◆ Provided entries ◆
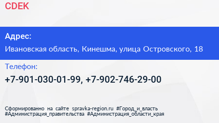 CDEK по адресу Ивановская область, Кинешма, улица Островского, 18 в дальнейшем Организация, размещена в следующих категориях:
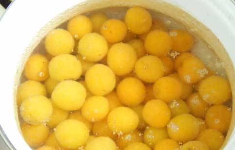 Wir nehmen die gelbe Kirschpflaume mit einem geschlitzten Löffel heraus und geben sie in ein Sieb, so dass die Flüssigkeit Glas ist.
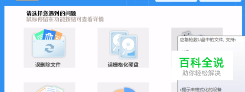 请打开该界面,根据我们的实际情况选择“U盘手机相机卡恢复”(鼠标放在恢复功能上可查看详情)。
* * *
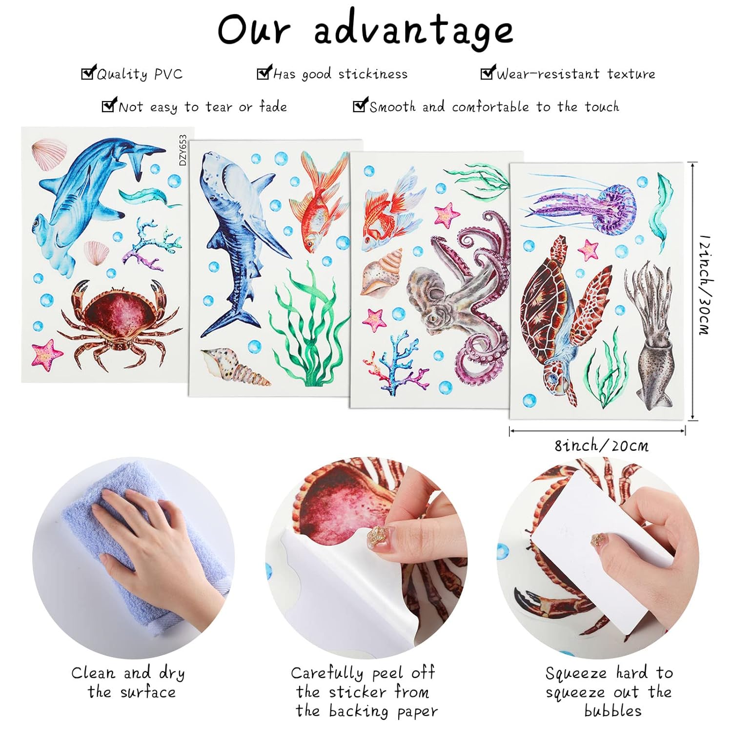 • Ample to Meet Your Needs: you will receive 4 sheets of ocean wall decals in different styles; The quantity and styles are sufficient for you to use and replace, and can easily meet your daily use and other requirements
...
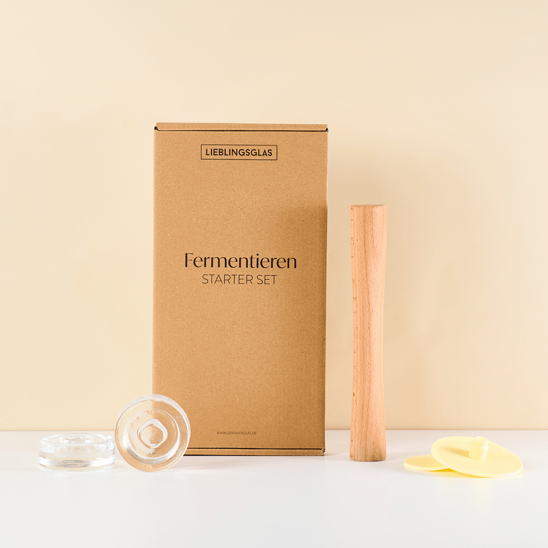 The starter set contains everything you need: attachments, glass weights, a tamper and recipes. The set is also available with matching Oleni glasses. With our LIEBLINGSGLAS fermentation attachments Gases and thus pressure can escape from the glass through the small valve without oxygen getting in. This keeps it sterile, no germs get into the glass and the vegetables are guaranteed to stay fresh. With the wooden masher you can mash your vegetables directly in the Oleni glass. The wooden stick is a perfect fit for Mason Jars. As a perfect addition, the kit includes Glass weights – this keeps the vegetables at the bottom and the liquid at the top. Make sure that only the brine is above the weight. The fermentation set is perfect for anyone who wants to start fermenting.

◆ What you have to do ◆
Nothing outside the stretch above, from the line with "Wir nehmen die" through the line with "请打开该界面,根据我们的实际", is set down. Transcribe that stretch exactly, ends included, but not its pictures.

◆ Result of the task ◆
 Wir nehmen die gelbe Kirschpflaume mit einem geschlitzten Löffel heraus und geben sie in ein Sieb, so dass die Flüssigkeit Glas ist.
 请打开该界面,根据我们的实际情况选择“U盘手机相机卡恢复”(鼠标放在恢复功能上可查看详情)。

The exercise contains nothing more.